== WORK INSTRUCTION ==
An exact copy of the data below is needed; please leave out any pictures.
----- DATA RECORDS
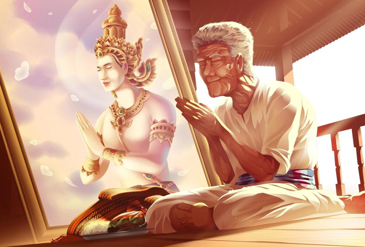 Er liep eens een oude wijze man door de slingerende paden van een uitgestrekt bos, ver van het rumoerige gewoel van de steden. Zijn naam was Ravi, en het was bekend dat zijn gedachten de diepste mysteries van het menselijk geloof ontrafelen konden. De dagen waren gevuld met overpeinzingen en de nachten met sterrengefluister, waar Ravi zijn antwoorden zocht.
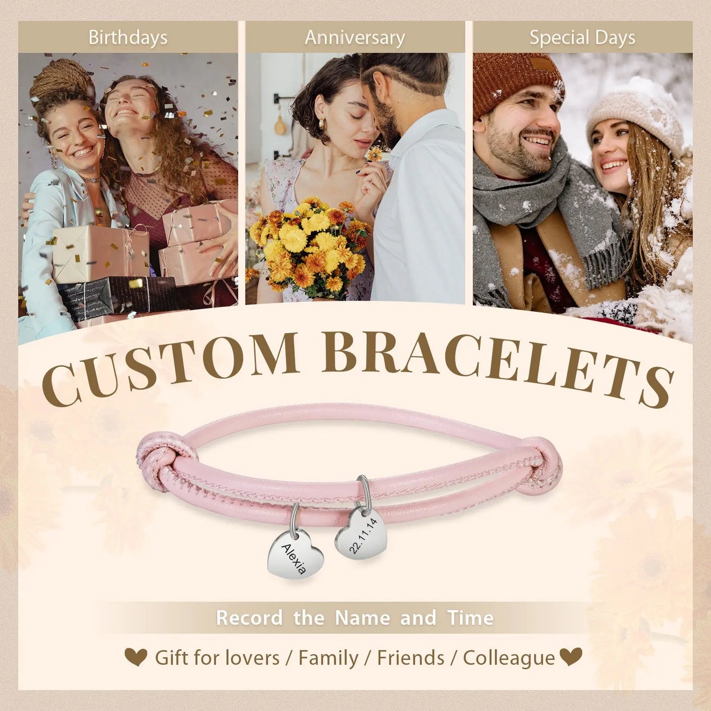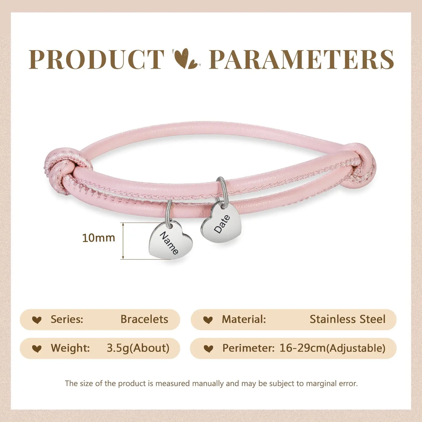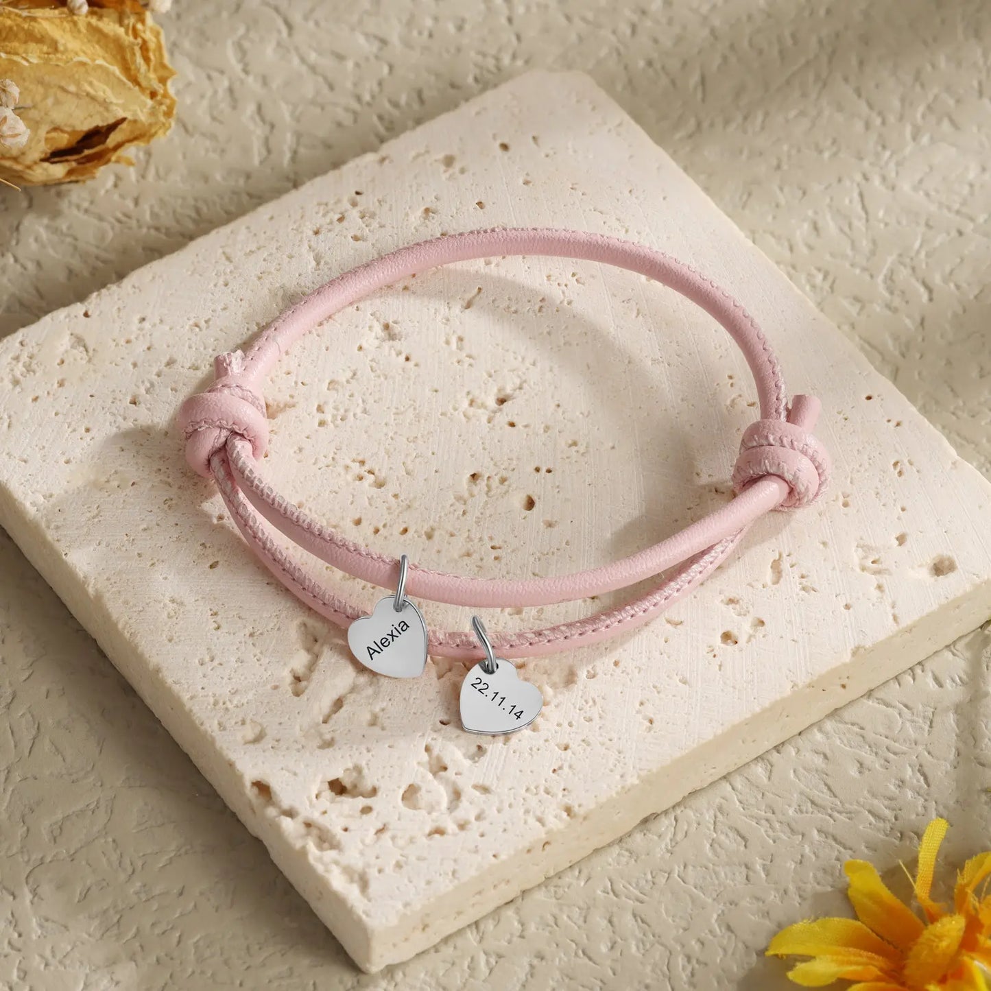Each elegant leather bracelet features two charming heart charms, ready to be engraved with her name and a significant date, such as the day she was born, her graduation date, or the date of a cherished memory. It’s a personalised piece that serves as a beautiful reminder of your love.
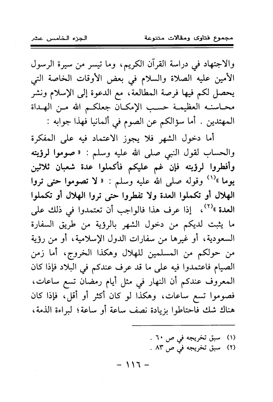 أما دخول الشهر فلا يجوز الاعتماد فيه على المفكرة والحساب؛ لقول النبي صلى الله عليه وسلم: «صوموا لرؤيته وأفطروا لرؤيته، فإن غم عليكم فأكملوا عدة شعبان ثلاثين يوما (¬1) » ، وقوله صلى الله عليه وسلم: «لا تصوموا حتى تروا الهلال، أو تكملوا العدة، ولا تفطروا حتى تروا الهلال، أو تكملوا العدة (¬2) » ، إذا عرف هذا فالواجب أن تعتمدوا في ذلك على ما يثبت لديكم من دخول الشهر بالرؤية من طريق السفارة السعودية، أو غيرها من سفارات الدول الإسلامية، أو من رؤية من حولكم من المسلمين للهلال وهكذا الخروج، أما زمن الصيام فاعتمدوا فيه على ما قد عرف عندكم في البلاد، فإذا كان المعروف عندكم أن النهار في مثل أيام رمضان تسع ساعات، فصوموا تسع ساعات، وهكذا لو كان أكثر أو أقل، فإذا كان هناك شك فاحتاطوا بزيادة نصف ساعة أو ساعة لبراءة الذمة،
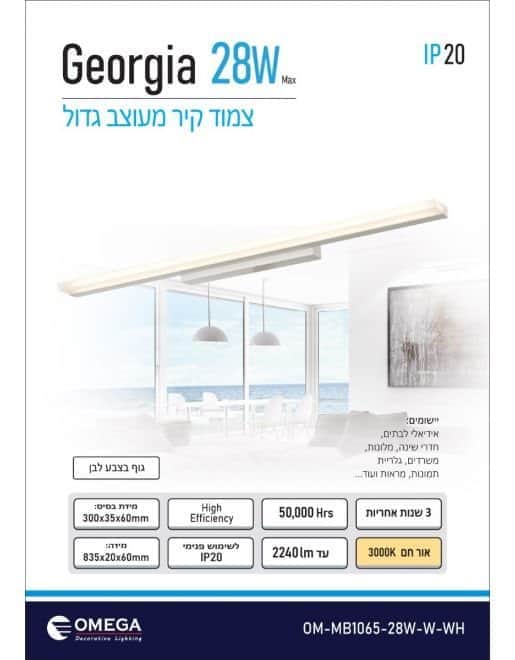 גוף תאורה צמוד קיר לסלון דגם ג'ורג'יה בעיצוב אלגנטי ומודרני, יתאים גם להארת חדרי מלון, מבואות, משרדים, גלריות תמונות, מראות, חדרי שינה ועוד…
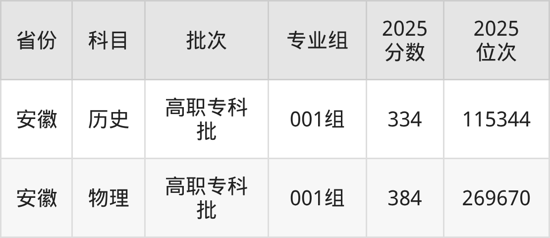 济宁职业技术学院001组:2025年投档录取最低分为334分,录取最低位次为115344名。
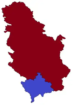 - ↑ Kosovo está sujeto a una disputa territorial entre la República de Serbia y la autoproclamada República de Kosovo. La independencia unilateral de esta región se realizó el 17 de febrero de 2008 a pesar de que Serbia la considera parte de su territorio. La provincia es reconocida internacionalmente como parte de Serbia por la mayoría de la comunidad internacional
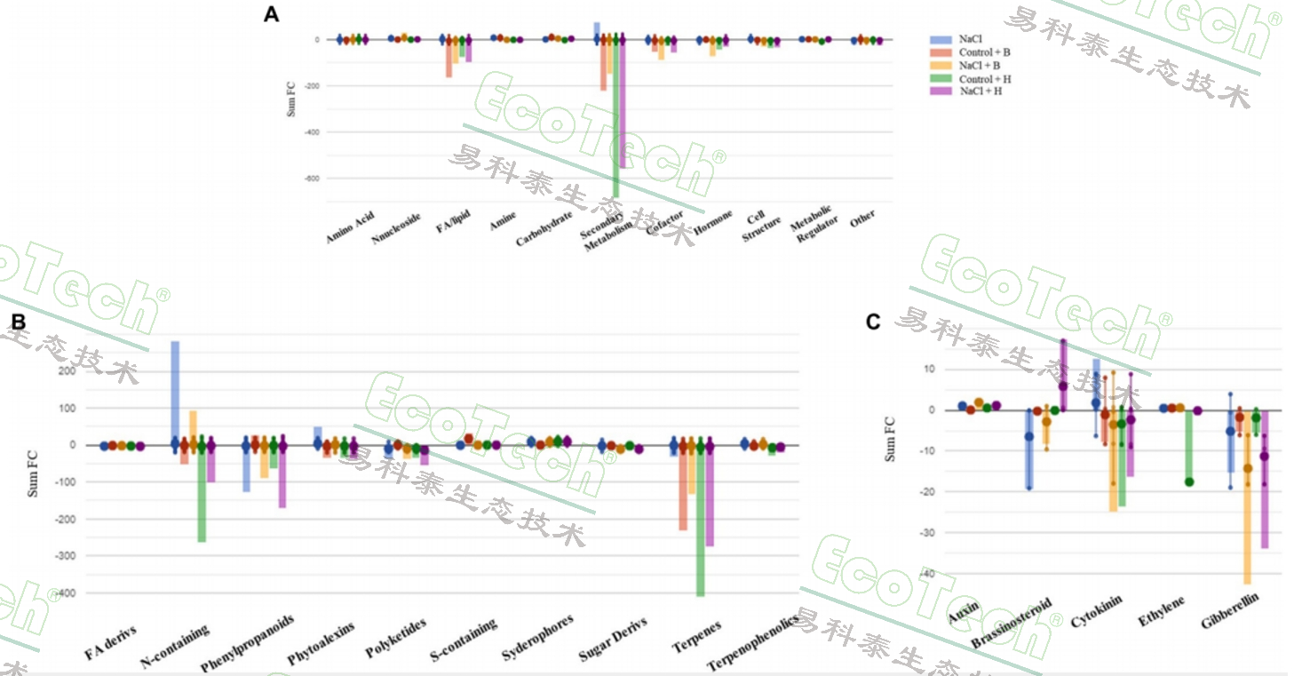 萵苣植物的代謝變化。與對照樣品相比,生菜植株的代謝過程(A)、次生代謝(B)和激素的生物合成受到了損害(C)
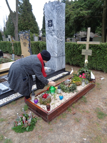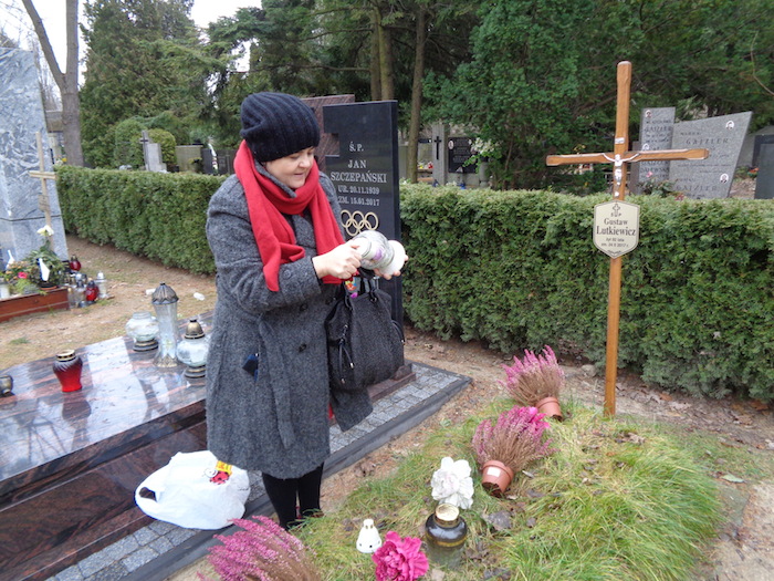 Na Wojskowych Powązkach sporo nowych grobów w sferach artystycznych. Dorota zapaliła świeczkę pani Szaflarskiej i panu Lutkiewiczowi.:
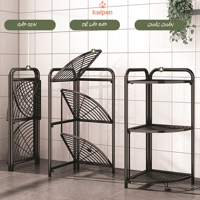 `KỆ GÓC XẾP GỌN THÔNG MINH♻️ Đây là loại kệ gấp gọn rất thông minh, các chị có thể tự tháo lắp được chỉ cần mở hộp ra là dùng luôn thôi.
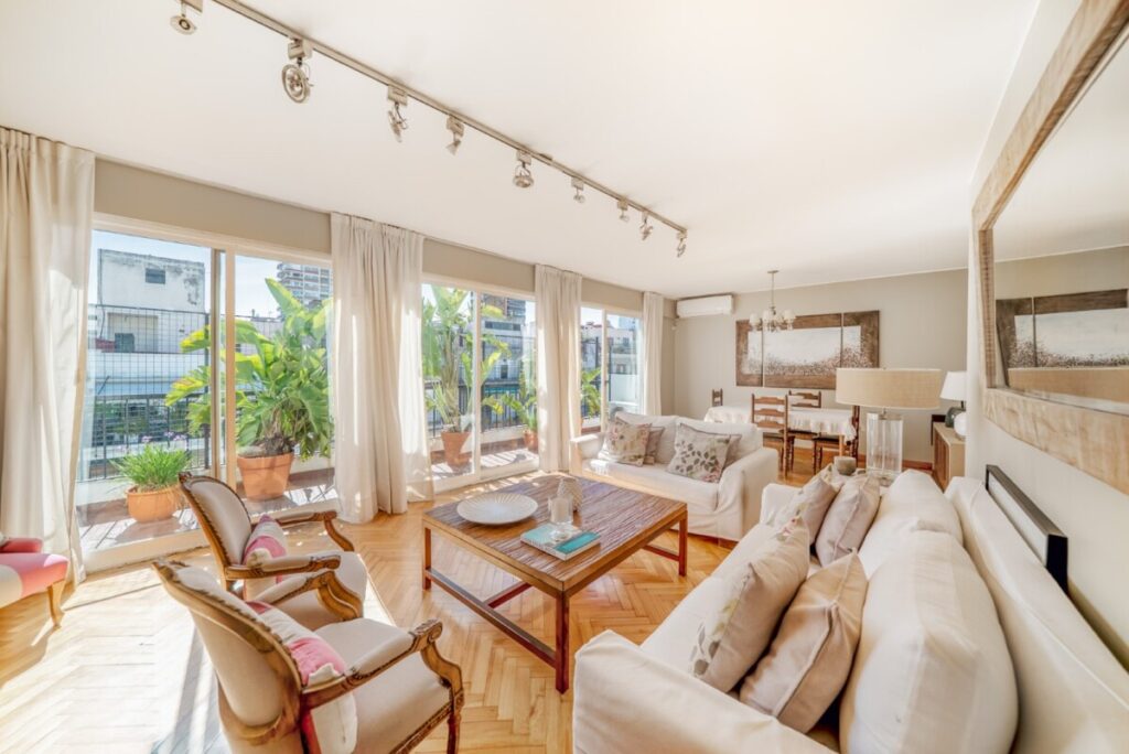 181 m2 ‧ 3 dorm. ‧ 1 cocheraMuy buen duplex al frente. Super luminoso. Piso 9°: Palier privado. Hall. Living comedor a balcón. Pisos de parquet. Toilette. 1 dormitorio en suite. Cocina con comedor diario. Lavadero. Dependencia. Piso 10°: 2 dormitorios a balcón. Escritorio. 2 baños. Baulera. 1 cochera fija.
----------
== RESPONSE AREA ==
 Er liep eens een oude wijze man door de slingerende paden van een uitgestrekt bos, ver van het rumoerige gewoel van de steden. Zijn naam was Ravi, en het was bekend dat zijn gedachten de diepste mysteries van het menselijk geloof ontrafelen konden. De dagen waren gevuld met overpeinzingen en de nachten met sterrengefluister, waar Ravi zijn antwoorden zocht.
Each elegant leather bracelet features two charming heart charms, ready to be engraved with her name and a significant date, such as the day she was born, her graduation date, or the date of a cherished memory. It’s a personalised piece that serves as a beautiful reminder of your love.
 أما دخول الشهر فلا يجوز الاعتماد فيه على المفكرة والحساب؛ لقول النبي صلى الله عليه وسلم: «صوموا لرؤيته وأفطروا لرؤيته، فإن غم عليكم فأكملوا عدة شعبان ثلاثين يوما (¬1) » ، وقوله صلى الله عليه وسلم: «لا تصوموا حتى تروا الهلال، أو تكملوا العدة، ولا تفطروا حتى تروا الهلال، أو تكملوا العدة (¬2) » ، إذا عرف هذا فالواجب أن تعتمدوا في ذلك على ما يثبت لديكم من دخول الشهر بالرؤية من طريق السفارة السعودية، أو غيرها من سفارات الدول الإسلامية، أو من رؤية من حولكم من المسلمين للهلال وهكذا الخروج، أما زمن الصيام فاعتمدوا فيه على ما قد عرف عندكم في البلاد، فإذا كان المعروف عندكم أن النهار في مثل أيام رمضان تسع ساعات، فصوموا تسع ساعات، وهكذا لو كان أكثر أو أقل، فإذا كان هناك شك فاحتاطوا بزيادة نصف ساعة أو ساعة لبراءة الذمة،
 גוף תאורה צמוד קיר לסלון דגם ג'ורג'יה בעיצוב אלגנטי ומודרני, יתאים גם להארת חדרי מלון, מבואות, משרדים, גלריות תמונות, מראות, חדרי שינה ועוד…
 济宁职业技术学院001组:2025年投档录取最低分为334分,录取最低位次为115344名。
 - ↑ Kosovo está sujeto a una disputa territorial entre la República de Serbia y la autoproclamada República de Kosovo. La independencia unilateral de esta región se realizó el 17 de febrero de 2008 a pesar de que Serbia la considera parte de su territorio. La provincia es reconocida internacionalmente como parte de Serbia por la mayoría de la comunidad internacional
 萵苣植物的代謝變化。與對照樣品相比,生菜植株的代謝過程(A)、次生代謝(B)和激素的生物合成受到了損害(C)
 Na Wojskowych Powązkach sporo nowych grobów w sferach artystycznych. Dorota zapaliła świeczkę pani Szaflarskiej i panu Lutkiewiczowi.:
 `KỆ GÓC XẾP GỌN THÔNG MINH♻️ Đây là loại kệ gấp gọn rất thông minh, các chị có thể tự tháo lắp được chỉ cần mở hộp ra là dùng luôn thôi.
 181 m2 ‧ 3 dorm. ‧ 1 cocheraMuy buen duplex al frente. Super luminoso. Piso 9°: Palier privado. Hall. Living comedor a balcón. Pisos de parquet. Toilette. 1 dormitorio en suite. Cocina con comedor diario. Lavadero. Dependencia. Piso 10°: 2 dormitorios a balcón. Escritorio. 2 baños. Baulera. 1 cochera fija.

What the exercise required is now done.